ACTIVITY:
Wherever "Figure" shows up in the records below, copy the whole line.

PROVIDED ENTRIES:

=== Section Start ===

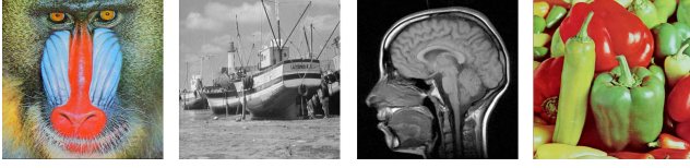
Fig. 2. Test images.
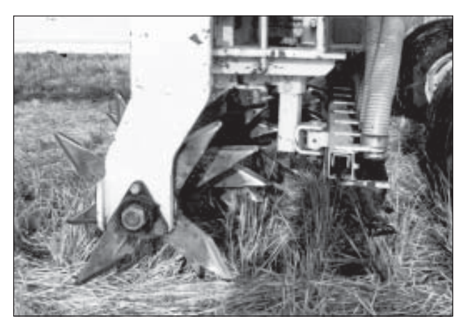
Figure 5. Aerway aerator

Aerway. The Aerway system consisted of a series of spikes mounted on an axle (Figure 5). A drop hose was mounted behind each spike set. The spikes were spaced 19 cm (7.5 in) apart and penetrated the soil creating a soil aeration effect. The drop hoses then delivered the liquid to the soil surface, and to the spike holes in the soil surface.
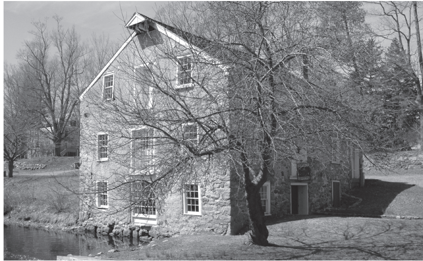
Smith's store at Waterloo, scene here in the early spring, is one of the best preserved canal stores along the canal. This year the store will once again be open to the public with a costumed interpreter to show off its wears.
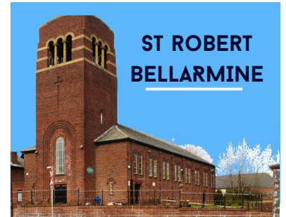
ST ROBERT BELLARMINE

A main feature of the Easter season is our reading from the Acts of the Apostles at Mass each day, it offers us a timely and reassuring reminder about the life of the Church.
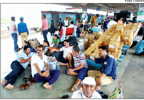
The officials, however, said that the opening of track was delayed by several hours

Abhilash.Botekar @timesgroup.com Nashik: The Railways heaved a sigh of relief on Saturday as the second line — towards Mumbai from Bhusawal (Up) — that was under repair at the spot where the Duronto Express derailed on Tuesday was opened for traffic. Now, all commuter trains from Manmad are expected to run normally from Monday. The track between Asangaon and Vasind in Mumbai Division of Central Railway was damaged after derailment of Nagpur-Mumbai Duronto Express.
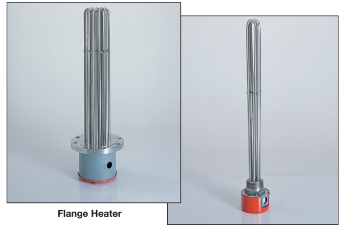
Screw Plug Heater
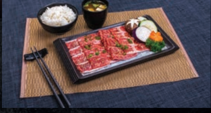
Rocku Australian Wagyu Beef Set Australia Wagyu Shortplate (60g) Australia Wagyu Oysterblade (60g)
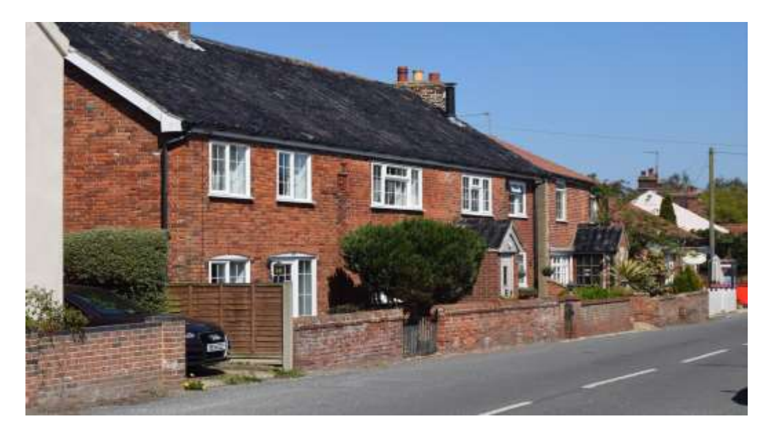
The Street, Lound
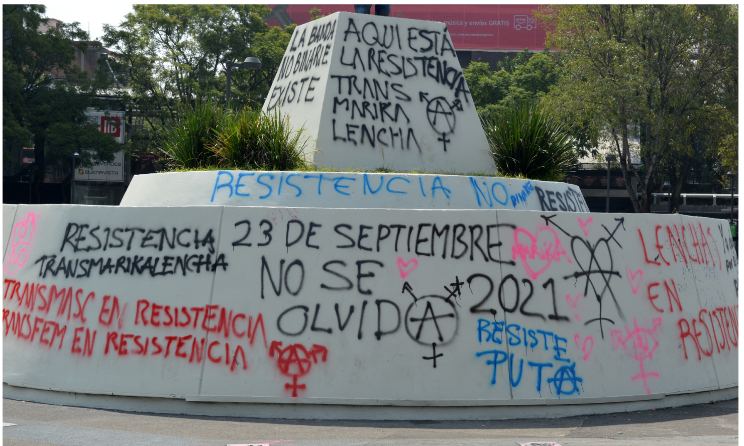
Mexico city protest graffiti.

=== Section End ===

FINAL ANSWER:
Figure 5. Aerway aerator
Aerway. The Aerway system consisted of a series of spikes mounted on an axle (Figure 5). A drop hose was mounted behind each spike set. The spikes were spaced 19 cm (7.5 in) apart and penetrated the soil creating a soil aeration effect. The drop hoses then delivered the liquid to the soil surface, and to the spike holes in the soil surface.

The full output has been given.